AfD-Rechtsaußen Björn Höcke kommentierte das Abstimmungsergebnis so: «Das ist einfach ein guter Tag für Thüringen, das ist pragmatische Politik.» Es gebe eine «bürgerliche Mehrheit» im Thüringer Landtag, sagte der Thüringer Partei- und Fraktionsvorsitzende. Er sei froh, dass die «CDU heute den Mut aufgebracht hat», den Gesetzentwurf «durchzuhalten».

Nach einer neuen Umfrage liegt die AfD ein Jahr vor drei Landtagswahlen in Ostdeutschland nicht nur in Thüringen und Sachsen vorn, sondern nun auch in Brandenburg. Sie hat jeweils die 30-Prozent-Marke übersprungen.
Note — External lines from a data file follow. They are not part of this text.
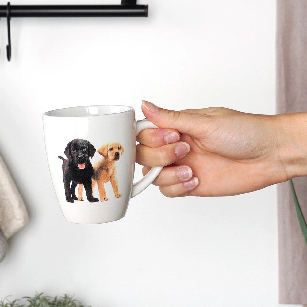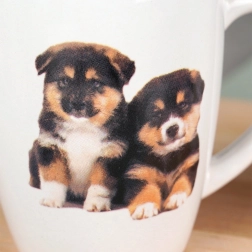 Realistične fotografije psov skodelicam dodajo edinstven čar in iz vašega skodeličnega kave ustvarijo majhen ritual veselja. Odlična ideja za darilo za ljubitelje živali.
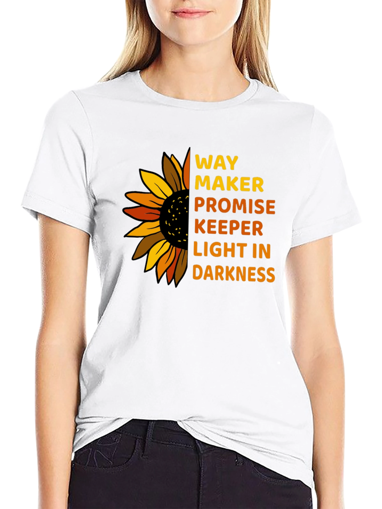 Embrace faith and style with this eye-catching black t-shirt. A beautiful sunflower design splits to reveal the inspiring words "Way Maker, Promise Keeper, Light in Darkness." The print is bright, bold, and stylish. Perfect for everyday wear, this tee is made from a comfortable fabric. Show off your faith while looking great! This casual top is sure to make a statement and spark meaningful conversations. Makes a thoughtful gift for loved ones. Grab yours today!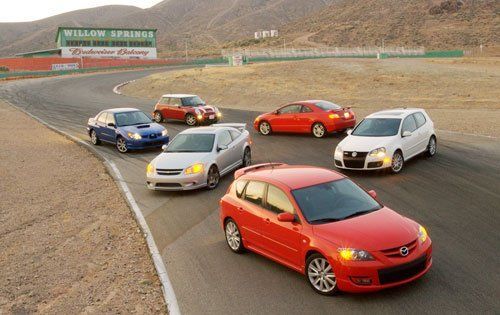 而本次的对比测试也是在这个前提下进行的——小型、运动、即便宜又实用。为此我们看到这些美国同行找来了一系列在美国广受好评的个人运动型车,它们是雪佛兰Cobalt SS增压版, 本田Civic Si, 2007款Mazda speed3, Mini Cooper S, 斯巴鲁WRX TR以及大众高尔夫(报价 参数 图片 论坛)GTI。这些运动型车绝对让我们垂涎三尺啊!而这些车在美国都属于花钱不多,但是性能突出的车型。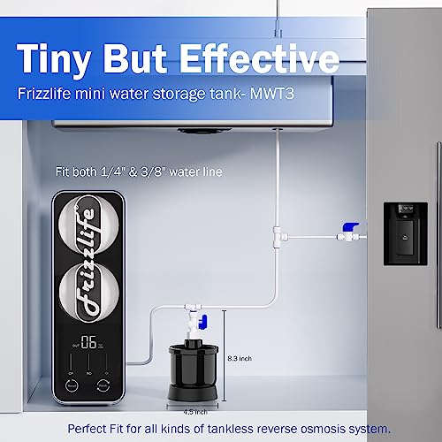 Mini réservoir d'eau sous pression Frizzlife pour tous les systèmes d'osmose inverse sans réservoir, petit réservoir de stockage d'eau pour PD600, PX500A, PD800, PD1000, PD400, G3P600, G3P800, G2, compatible avec les tuyaux d'eau de 1/4" et 3/8"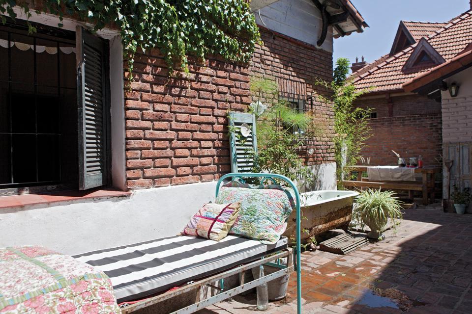 Mención a parte tiene el exterior de la casa,con su cama de hierro a modo se sofá o para echarse una siestecita y la antigua bañera de patas , que no está ahí sólo de decoración, es utilizada para que su dueña se dé baños espumosos. Vaya gozada!!!!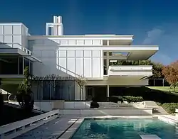 The home is built around a steel frame which is covered by glass and aluminum. The design draws from those of Frank Lloyd Wright and Ludwig Mies van der Rohe. It reflects a minimalist approach and straight lines. There are no curves in the home.[2][5] The house features cantilevered horizontal shapes overlapping each other surrounding a courtyard. Inside there are four floors which have 12 level changes and there are 14 separate ceiling heights.[1] It is said to resemble Frank Lloyd Wright's Fallingwater design.[6] The building's design constructs an illusion of levitating horizontal planes: vertical planes are disguised by the cantilevered planes.[4]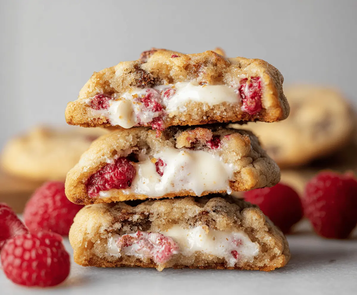 These Raspberry Cheesecake Stuffed Cookies are a sweet surprise! Each cookie has a creamy cheesecake center with a burst of raspberry flavor. Soft and chewy, they’re simply irresistible!

Beistand vom CDU-Bundesvorsitzenden

Der CDU-Bundesvorsitzende Friedrich Merz verteidigte das Agieren der Thüringer CDU-Fraktion noch vor der Abstimmung. «Wir machen das, was wir in den Landtagen wie auch im Deutschen Bundestag diskutieren, nicht von anderen Fraktionen abhängig», sagte Merz im «Frühstart» von RTL/ntv. Eine Zusammenarbeit mit der AfD werde es auf Bundes- und Landesebene nicht geben. «Dabei bleibt es auch.»
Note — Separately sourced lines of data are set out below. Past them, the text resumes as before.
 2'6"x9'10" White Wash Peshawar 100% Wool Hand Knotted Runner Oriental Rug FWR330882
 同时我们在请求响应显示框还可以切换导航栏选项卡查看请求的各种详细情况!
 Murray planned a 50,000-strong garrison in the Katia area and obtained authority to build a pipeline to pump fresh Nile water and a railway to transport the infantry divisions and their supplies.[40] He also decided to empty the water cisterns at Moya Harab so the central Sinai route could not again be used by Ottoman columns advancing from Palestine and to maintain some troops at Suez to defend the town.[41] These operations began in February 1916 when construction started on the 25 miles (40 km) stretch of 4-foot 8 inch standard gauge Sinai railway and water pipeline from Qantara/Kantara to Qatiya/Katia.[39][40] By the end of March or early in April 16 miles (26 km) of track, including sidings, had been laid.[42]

Regierungskoalition: Bündnis in der Opposition

Die politischen Verhältnisse in Thüringen sind kompliziert. Die Regierungsfraktionen von Linke, SPD und Grüne haben keine Mehrheit im Parlament. In der Vergangenheit kamen die fehlenden Stimmen für Gesetze oft von der CDU. Aber inzwischen wurde die Koalition auch schon zweimal von der Opposition überstimmt. Thüringens Linke-Fraktionschef Steffen Dittes warf der CDU vor, «Gestaltungsmehrheiten» mit der AfD zu bilden. Das sei der Versuch, «aus der Opposition heraus mit einer rechtsextremen Partei das Land zu gestalten oder zu regieren». Thüringens Grünen-Fraktionschefin Astrid Rothe-Beinlich sagte, die CDU unternehme «nicht mal mehr den Versuch, politische Mehrheiten ohne die AfD zu suchen». Die CDU wiederum weist darauf hin, dass auch Rot-Rot-Grün bereits mit der AfD gestimmt habe: bei einer Änderung der Kommunalordnung und der Änderung eines Untersuchungsausschuss-Auftrags zur Personalpolitik der Regierung.
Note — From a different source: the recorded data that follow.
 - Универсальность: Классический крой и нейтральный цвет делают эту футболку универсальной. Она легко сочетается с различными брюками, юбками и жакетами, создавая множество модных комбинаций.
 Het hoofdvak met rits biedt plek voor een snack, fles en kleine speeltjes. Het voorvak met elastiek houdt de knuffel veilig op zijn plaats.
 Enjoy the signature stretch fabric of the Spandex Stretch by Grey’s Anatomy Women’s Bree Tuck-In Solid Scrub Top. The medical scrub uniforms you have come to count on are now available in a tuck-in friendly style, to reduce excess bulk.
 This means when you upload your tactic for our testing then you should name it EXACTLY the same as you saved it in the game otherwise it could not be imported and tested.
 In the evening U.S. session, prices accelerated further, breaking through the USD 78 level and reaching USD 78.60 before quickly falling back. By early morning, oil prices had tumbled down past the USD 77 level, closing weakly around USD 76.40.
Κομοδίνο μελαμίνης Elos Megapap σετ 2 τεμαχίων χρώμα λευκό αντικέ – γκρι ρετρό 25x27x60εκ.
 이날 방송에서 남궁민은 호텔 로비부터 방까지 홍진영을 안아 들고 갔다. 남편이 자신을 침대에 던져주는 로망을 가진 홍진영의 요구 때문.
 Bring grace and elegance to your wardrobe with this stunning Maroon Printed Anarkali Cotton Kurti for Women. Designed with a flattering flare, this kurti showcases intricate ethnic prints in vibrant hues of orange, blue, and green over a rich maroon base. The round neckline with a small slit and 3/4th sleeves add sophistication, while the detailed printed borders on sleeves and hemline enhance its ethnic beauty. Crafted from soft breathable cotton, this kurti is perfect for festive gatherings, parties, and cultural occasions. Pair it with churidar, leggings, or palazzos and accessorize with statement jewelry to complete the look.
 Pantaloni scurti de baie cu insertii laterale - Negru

Gesprächsangebot von Ramelow

Vor der Abstimmung signalisierte Regierungschef Ramelow der CDU erneut Gesprächsbereitschaft. Über Alternativen der Familienförderung, die die CDU mit ihrem Gesetz bezwecke, könne geredet werden. Voigt konterte, das Gesetz liege seit langem auf dem Tisch, seine Fraktion habe auf Vorschläge von Rot-Rot-Grün vergeblich gewartet. Er hatte sich zu Wochenbeginn mit Regierungsvertretern, auch Ramelow, getroffen. Ramelow meldete zudem verfassungsrechtliche Bedenken gegen Passagen des Gesetzes an. Möglicherweise droht nun eine Klage. Bis zur nächsten Landtagswahl ist es noch knapp ein Jahr.